▶ **WHAT THE TASK ASKS**
The data below should be printed in full, exactly, and without any of its images.

▶ **GIVEN DATA**
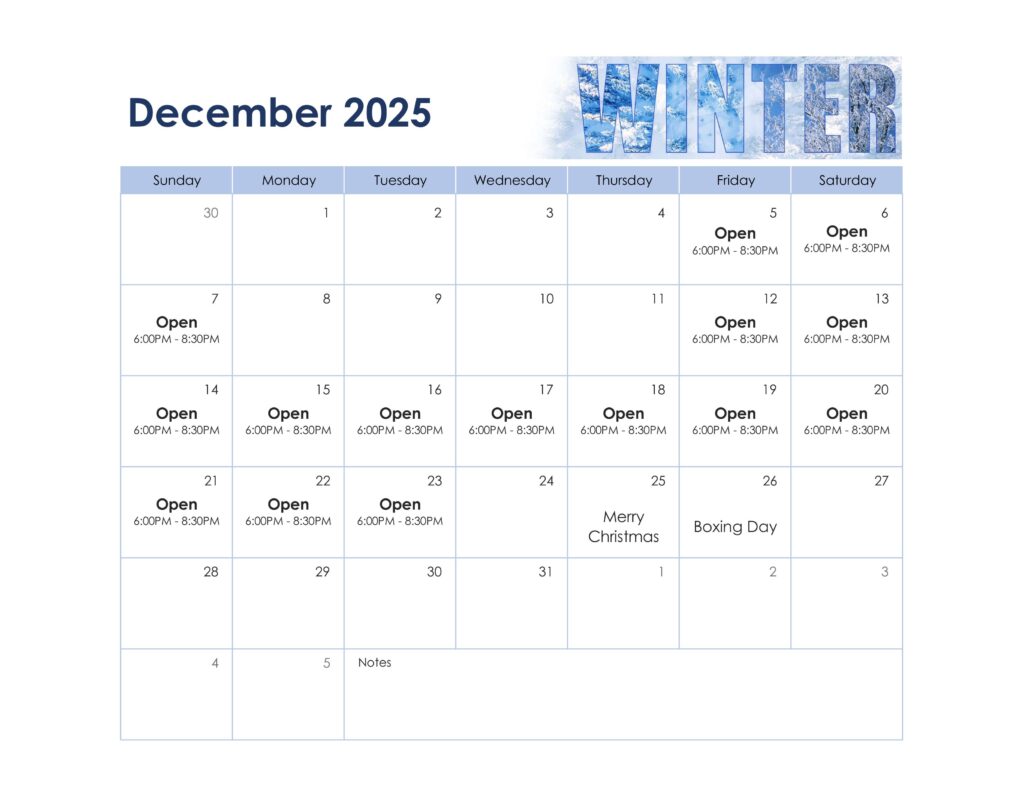 Dec 5, 6, 7 (Fri/Sat/Sun)
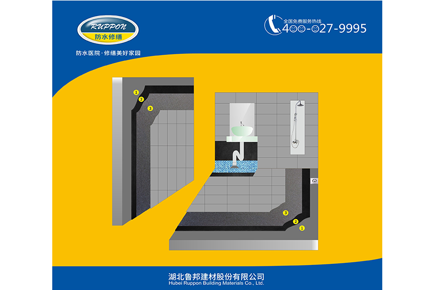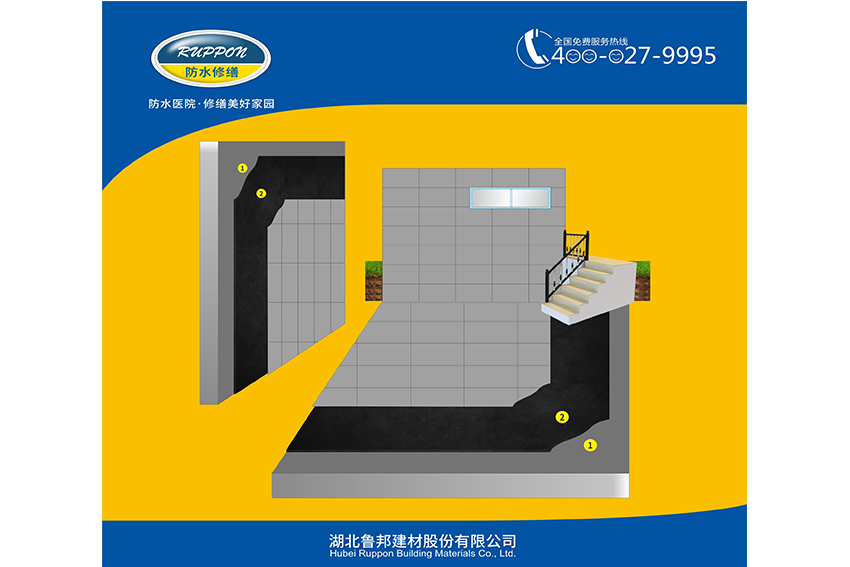 (5)保護(hù)、裝飾層:待涂膜完全干燥固化后,選擇與原內(nèi)墻相同或相近的材料與色澤,用魯邦Ruppon防水修復(fù)專用砂漿作粘結(jié)層,補(bǔ)修裝飾面層。
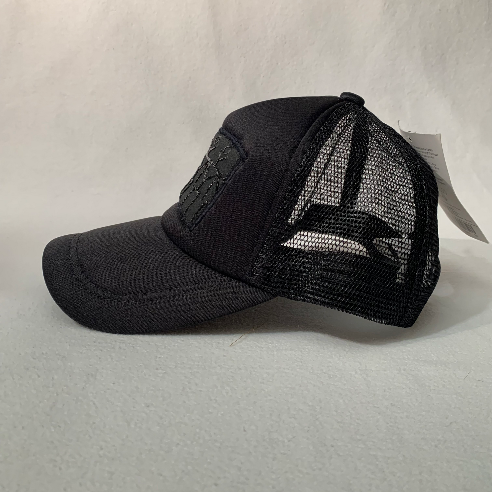 Hand painted and sewn onto a breathable trucker cap. One size fits most.

▶ **FINISHED TASK**
 Dec 5, 6, 7 (Fri/Sat/Sun)
 (5)保護(hù)、裝飾層:待涂膜完全干燥固化后,選擇與原內(nèi)墻相同或相近的材料與色澤,用魯邦Ruppon防水修復(fù)專用砂漿作粘結(jié)層,補(bǔ)修裝飾面層。
 Hand painted and sewn onto a breathable trucker cap. One size fits most.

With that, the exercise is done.